YOUR GOAL = Exact copy, no pictures: return all the data below as written.

MATERIAL FOR THE TASK =
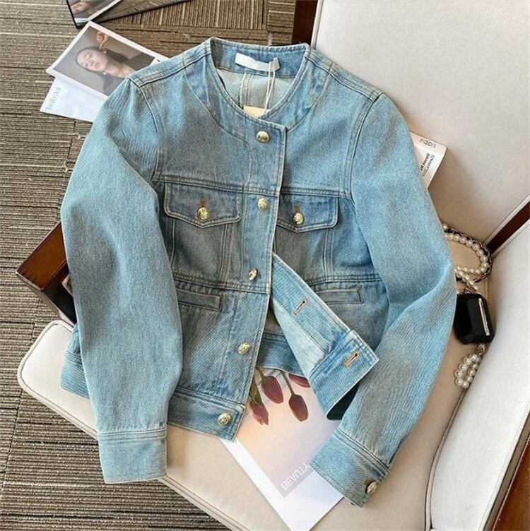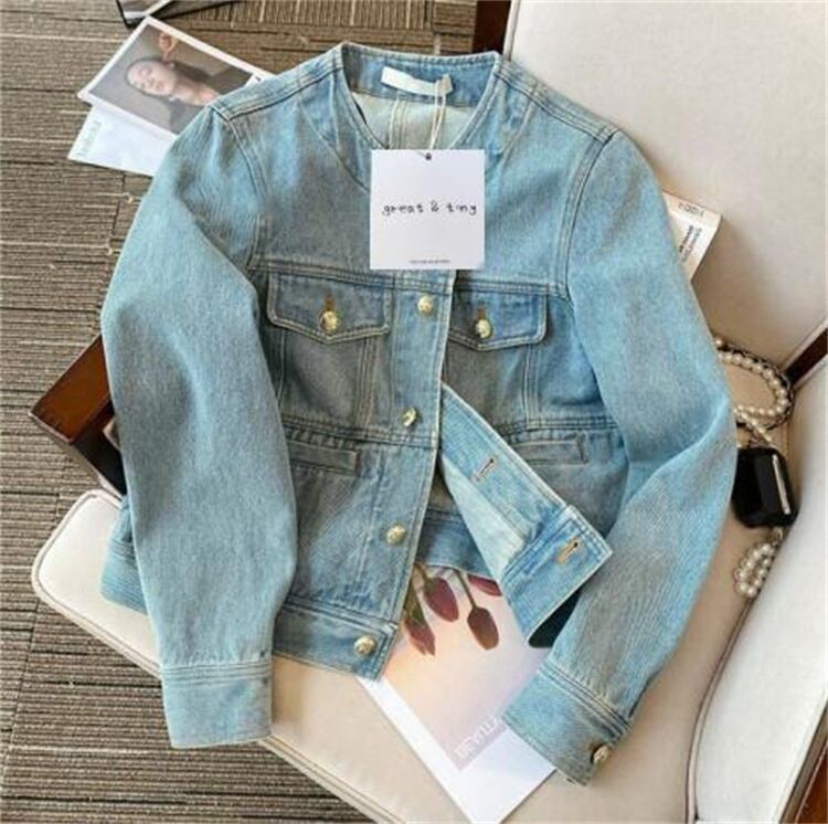 商品名:デニムジャケット コート 短いスタイル ライトブルー カジュアル 春 秋
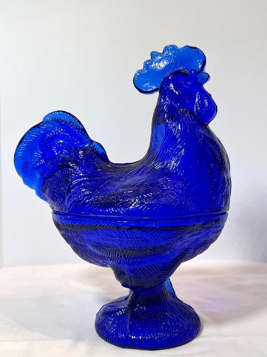 This cobalt cutie is the perfect addition to your chicken collection and a perfect blue to add a pop of color to your farmhouse decor. Perfect to fill with jellybeans for an Easter centerpiece or year round, I mean jellybeans are for all seasons, am I right? ˜Š I believe this is produced by Westmorland.
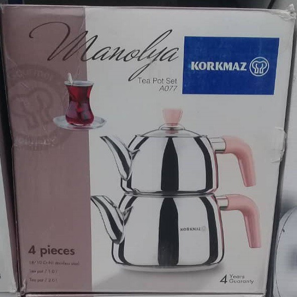 کتری و قوری کرکماز مدل مانولیا A077 یکی دیگر از سری کتری و قوری‌های شرکت کرکماز می‌باشد. در ساخت این محصول از استیل ضدزنگ 18/10 (Cr-Ni 18/10 stainless steel) استفاده شده است. در استیل ضد زنگ 18/10، 18 درصد کروم و 10 نیکل به کار رفته است که وجود آن‌ها باعث زیبایی و مقاوم بودن بدنه می‌شود. سطح خارجی کتری و قوری با دقت زیادی صیقل داده شده است که باعث جلا و درخشندگی آن‌ها خواهد شد.
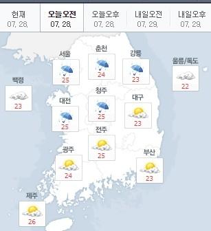 현재 서울은 25도, 춘천 24도, 대전 25도, 청주 25도, 대구 23도, 부산 23도, 제주 26도를 기록 중이다.
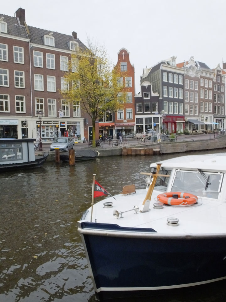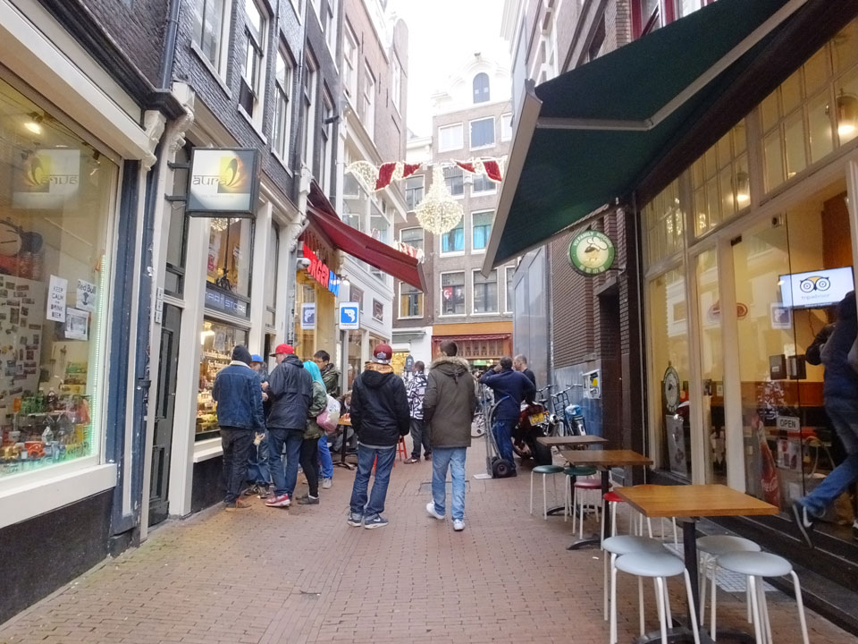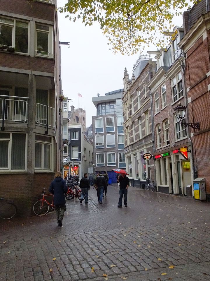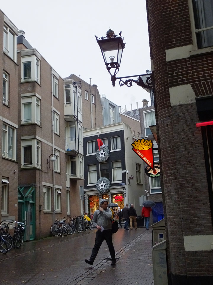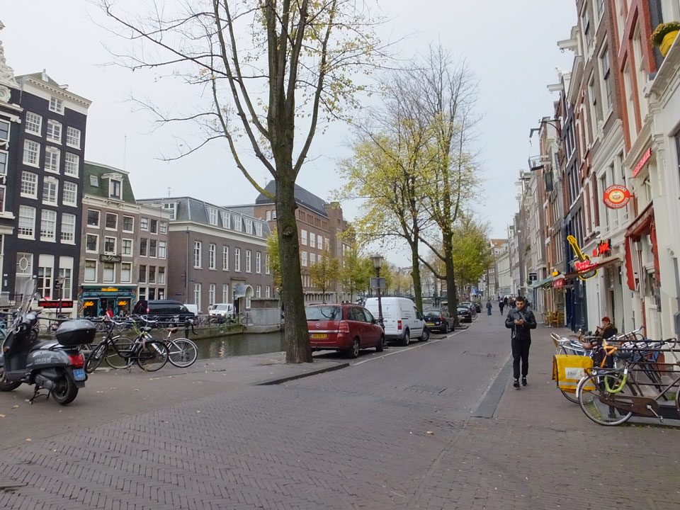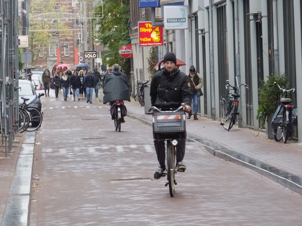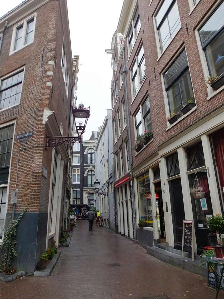 Jetzt hatte ich meinen kleinen Rucksack dabei, der auch schön schwer ist. Ich spazierte durch Amsterdam, zuerst bei Nieselregen, später im Trockenen. Alles schon mal gesehen und so richtig große Sehenswürdigkeiten gibt’s ja nicht. Es ist aber auchs chön, einfach herumzulaufen und eben eine etwas andere und die sehr lockere Stadt hier zu checken.
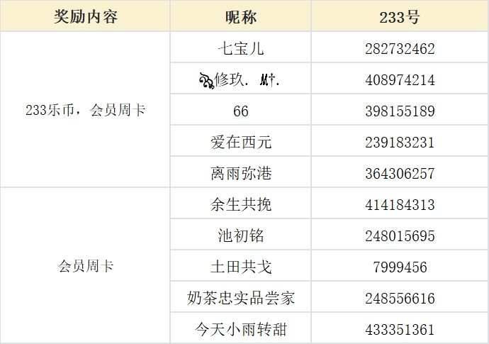 再从剩余的两个阵营抽取5名玩家,每人送出233会员周卡1张!
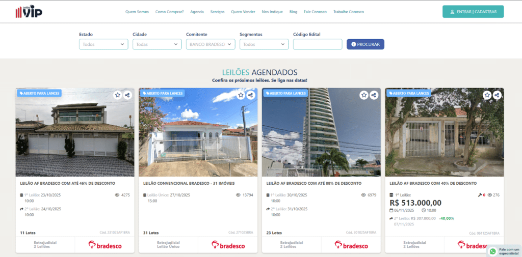 Os leilões do Bradesco são realizados em parceria com plataformas especializadas, como a Leilão VIP, que reúne imóveis disponíveis em todo o país.
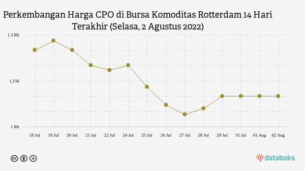 Harga CPO di bursa komoditas Rotterdam pagi hari ini hingga pukul 09.09 WIB berada di level US$ 1.100 per metrik ton data per Selasa, 02 Agustus 2022. Harga CPO di bursa komoditas Rotterdam ini hanya bergerak 3,77% dibanding penutupan Minggu, 31 Juli 2022 yang diperdagangkan US$ 1.100 per metrik ton. Perdagangan hari ini CPO di bursa komoditas Rotterdam diperkirakan bergerak pada rentang US$ 1.100 - 1.225 per metrik ton.
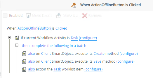 - Batch rule actions together using the complete the following in a batch execution type because only one call is made to the server when you use offline forms. It is recommended that you have one action button and the rule for this button must contain all actions that you want to record when offline. SmartObject method actions and workflow-related methods are examples of actions that must be recorded while offline.
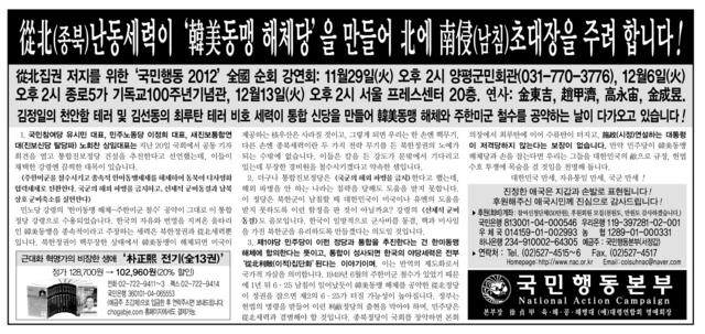 조선일보 2011.11.28從北집권 저지를 위한 ‘국민행동 2012’ 全國 순회 강연회:
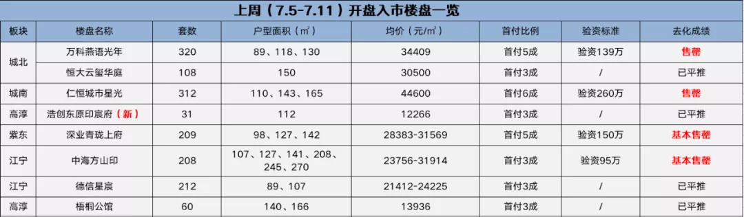 上周(7.5-7.11)南京楼市共有9盘1792套房源领取销许,共有8盘上周迎来开盘加推,共计约1460套房源已入市,其中不乏热门板块的楼市热盘,买房人上周主要集中在紫东、城南赛虹桥、城北燕子矶以及江宁新方山四个区域抢房。
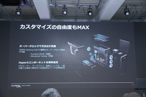 そのほかソフトウェア面では、OMEN Gaming Hubによるオーバークロックに対応。自動調整のExtreme Modeと手動調整のAdvanced Tuningが選択できる。また、OMEN AIを使ったゲームごとのパフォーマンス最適化機能も用意する。
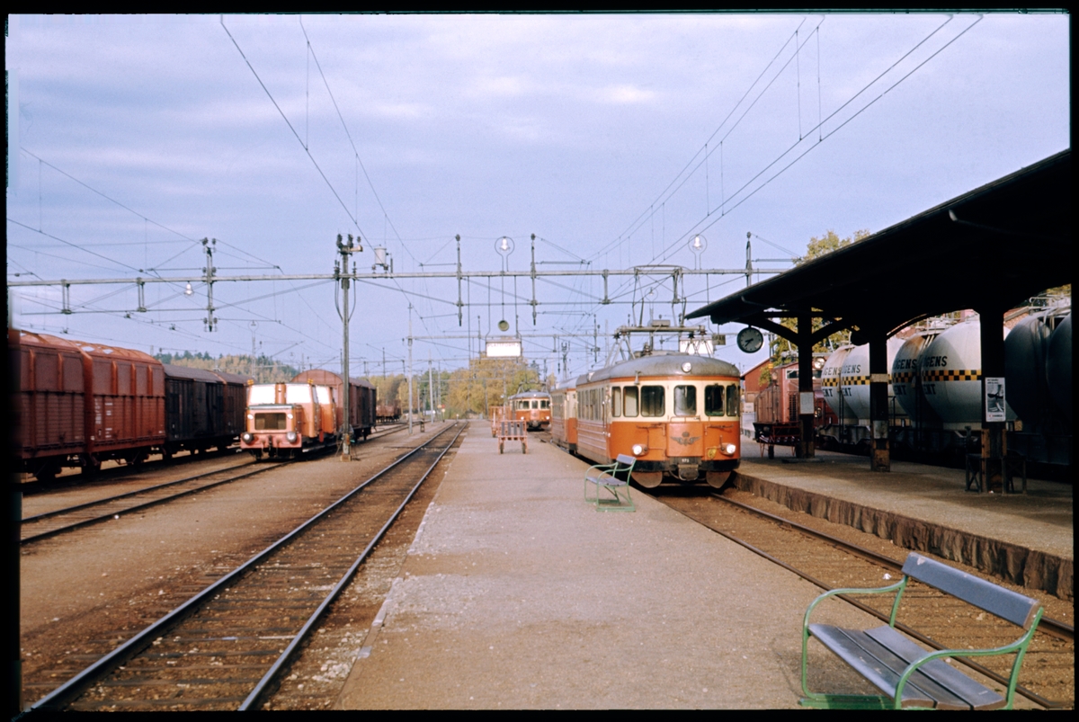 Statens Järnvägar, SJ X16 975 med fler fordon vid Åkers Styckebruk.
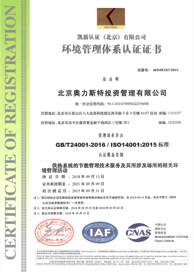 环境管理体系认证证书
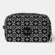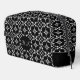 Toilettenbeutel mit inspiriertem Bogen-Muster mit weißen und grauen Punkten und ovalen Formen auf schwarzem Hintergrund. Fügen Sie Ihre eigene persönliche Touch hinzu, indem Sie die leicht zu bedienende Vorlage bearbeiten und Ihre eigenen Initialen verwenden, oder entfernen Sie den Text ganz. Die klassischen Graustufen-Farben sind sowohl für Männer als auch für Frauen hervorragend, passt gut zu jeder anderen Farbe.
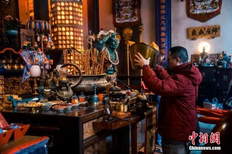 图为在上海财神庙,民众前来烧香祈福“拜财神”。殷立勤 摄
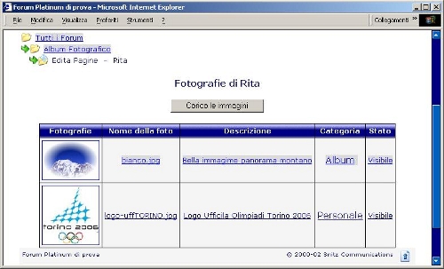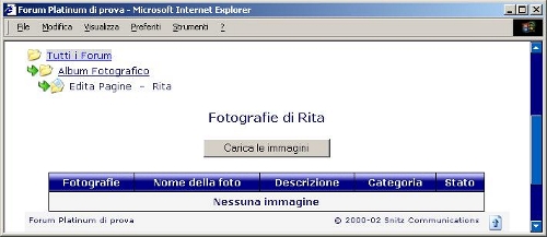 3) Per inserire delle foto (od in seguito modificare quelle già inserite) clicca su: Edita il tuo Album/Carica le immagini (Foto 1)
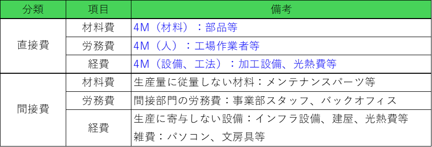 前回迄での4Mのコスト指標について、下表をもとに説明してきました。今回は、コスト指標で最後になる製品に対して、深堀していきたいとと思います。
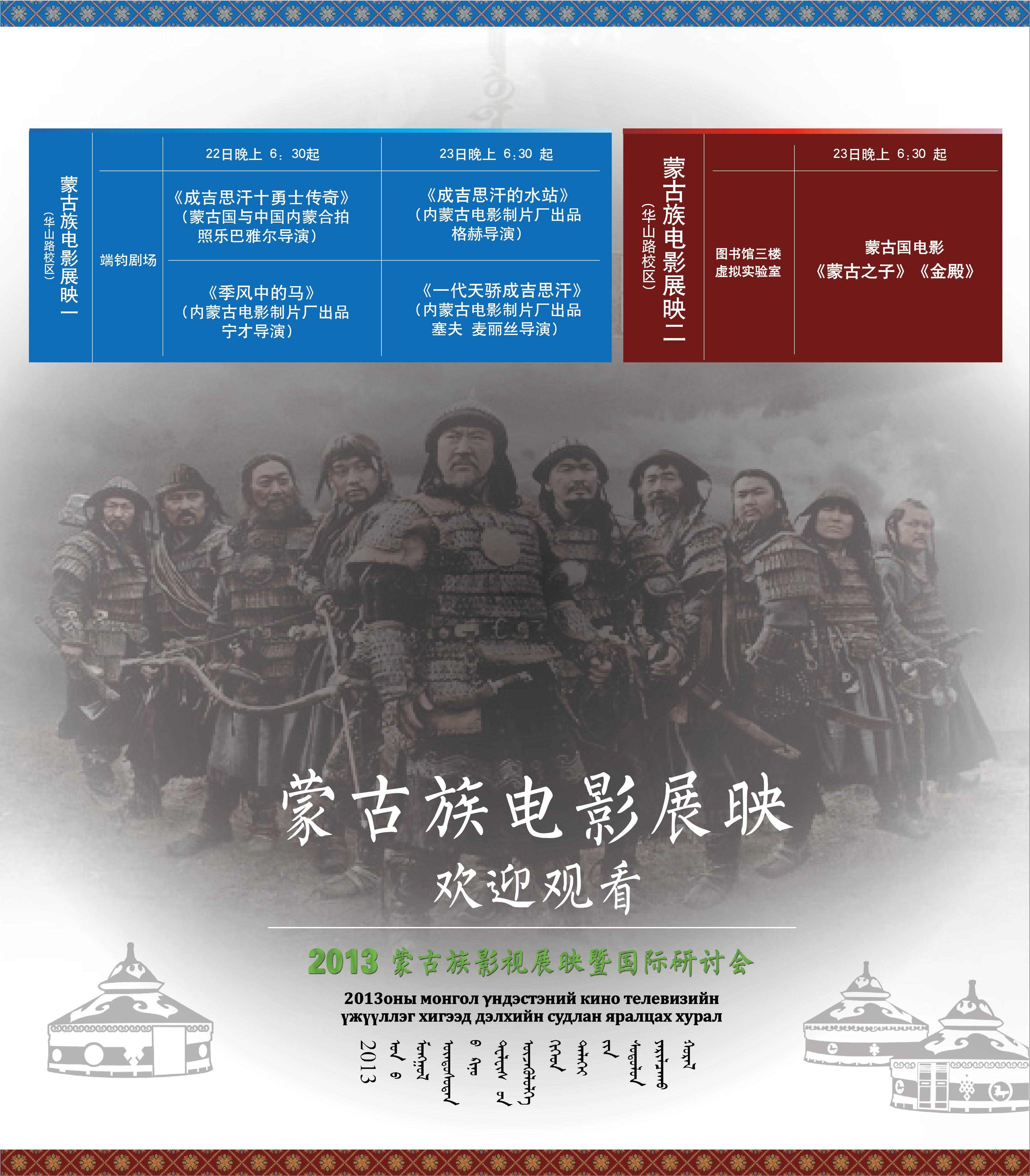 During the seminar, 6 Inner Mongolian and Mongolian films will be put on the big screen in Duanjun Theatre and the Virtual Lab: A Brilliant Man, Genghis Khan, nominated by Oscar as the best foreign film, Season of the Horse, a prize winner from the alumina of STA and famous director Ning Cai, Genghis Khan Water Station, a film full with Mongolian folk features. New co-production Genghis: The Legend of the Ten produced by the Inner Mongolia and the Republic of Mongolia. The first feature film of the Republic of Mongolia, the Son of the Mongolia, is full of the value of history. Golden Hall reflected the passion in life of Mongolian people.

ANSWER SPACE =
 商品名:デニムジャケット コート 短いスタイル ライトブルー カジュアル 春 秋
 This cobalt cutie is the perfect addition to your chicken collection and a perfect blue to add a pop of color to your farmhouse decor. Perfect to fill with jellybeans for an Easter centerpiece or year round, I mean jellybeans are for all seasons, am I right? ˜Š I believe this is produced by Westmorland.
 کتری و قوری کرکماز مدل مانولیا A077 یکی دیگر از سری کتری و قوری‌های شرکت کرکماز می‌باشد. در ساخت این محصول از استیل ضدزنگ 18/10 (Cr-Ni 18/10 stainless steel) استفاده شده است. در استیل ضد زنگ 18/10، 18 درصد کروم و 10 نیکل به کار رفته است که وجود آن‌ها باعث زیبایی و مقاوم بودن بدنه می‌شود. سطح خارجی کتری و قوری با دقت زیادی صیقل داده شده است که باعث جلا و درخشندگی آن‌ها خواهد شد.
 현재 서울은 25도, 춘천 24도, 대전 25도, 청주 25도, 대구 23도, 부산 23도, 제주 26도를 기록 중이다.
 Jetzt hatte ich meinen kleinen Rucksack dabei, der auch schön schwer ist. Ich spazierte durch Amsterdam, zuerst bei Nieselregen, später im Trockenen. Alles schon mal gesehen und so richtig große Sehenswürdigkeiten gibt’s ja nicht. Es ist aber auchs chön, einfach herumzulaufen und eben eine etwas andere und die sehr lockere Stadt hier zu checken.
 再从剩余的两个阵营抽取5名玩家,每人送出233会员周卡1张!
 Os leilões do Bradesco são realizados em parceria com plataformas especializadas, como a Leilão VIP, que reúne imóveis disponíveis em todo o país.
 Harga CPO di bursa komoditas Rotterdam pagi hari ini hingga pukul 09.09 WIB berada di level US$ 1.100 per metrik ton data per Selasa, 02 Agustus 2022. Harga CPO di bursa komoditas Rotterdam ini hanya bergerak 3,77% dibanding penutupan Minggu, 31 Juli 2022 yang diperdagangkan US$ 1.100 per metrik ton. Perdagangan hari ini CPO di bursa komoditas Rotterdam diperkirakan bergerak pada rentang US$ 1.100 - 1.225 per metrik ton.
 - Batch rule actions together using the complete the following in a batch execution type because only one call is made to the server when you use offline forms. It is recommended that you have one action button and the rule for this button must contain all actions that you want to record when offline. SmartObject method actions and workflow-related methods are examples of actions that must be recorded while offline.
 조선일보 2011.11.28從北집권 저지를 위한 ‘국민행동 2012’ 全國 순회 강연회:
 上周(7.5-7.11)南京楼市共有9盘1792套房源领取销许,共有8盘上周迎来开盘加推,共计约1460套房源已入市,其中不乏热门板块的楼市热盘,买房人上周主要集中在紫东、城南赛虹桥、城北燕子矶以及江宁新方山四个区域抢房。
 そのほかソフトウェア面では、OMEN Gaming Hubによるオーバークロックに対応。自動調整のExtreme Modeと手動調整のAdvanced Tuningが選択できる。また、OMEN AIを使ったゲームごとのパフォーマンス最適化機能も用意する。
 Statens Järnvägar, SJ X16 975 med fler fordon vid Åkers Styckebruk.
 环境管理体系认证证书
 Toilettenbeutel mit inspiriertem Bogen-Muster mit weißen und grauen Punkten und ovalen Formen auf schwarzem Hintergrund. Fügen Sie Ihre eigene persönliche Touch hinzu, indem Sie die leicht zu bedienende Vorlage bearbeiten und Ihre eigenen Initialen verwenden, oder entfernen Sie den Text ganz. Die klassischen Graustufen-Farben sind sowohl für Männer als auch für Frauen hervorragend, passt gut zu jeder anderen Farbe.
 图为在上海财神庙,民众前来烧香祈福“拜财神”。殷立勤 摄
 3) Per inserire delle foto (od in seguito modificare quelle già inserite) clicca su: Edita il tuo Album/Carica le immagini (Foto 1)
 前回迄での4Mのコスト指標について、下表をもとに説明してきました。今回は、コスト指標で最後になる製品に対して、深堀していきたいとと思います。
 During the seminar, 6 Inner Mongolian and Mongolian films will be put on the big screen in Duanjun Theatre and the Virtual Lab: A Brilliant Man, Genghis Khan, nominated by Oscar as the best foreign film, Season of the Horse, a prize winner from the alumina of STA and famous director Ning Cai, Genghis Khan Water Station, a film full with Mongolian folk features. New co-production Genghis: The Legend of the Ten produced by the Inner Mongolia and the Republic of Mongolia. The first feature film of the Republic of Mongolia, the Son of the Mongolia, is full of the value of history. Golden Hall reflected the passion in life of Mongolian people.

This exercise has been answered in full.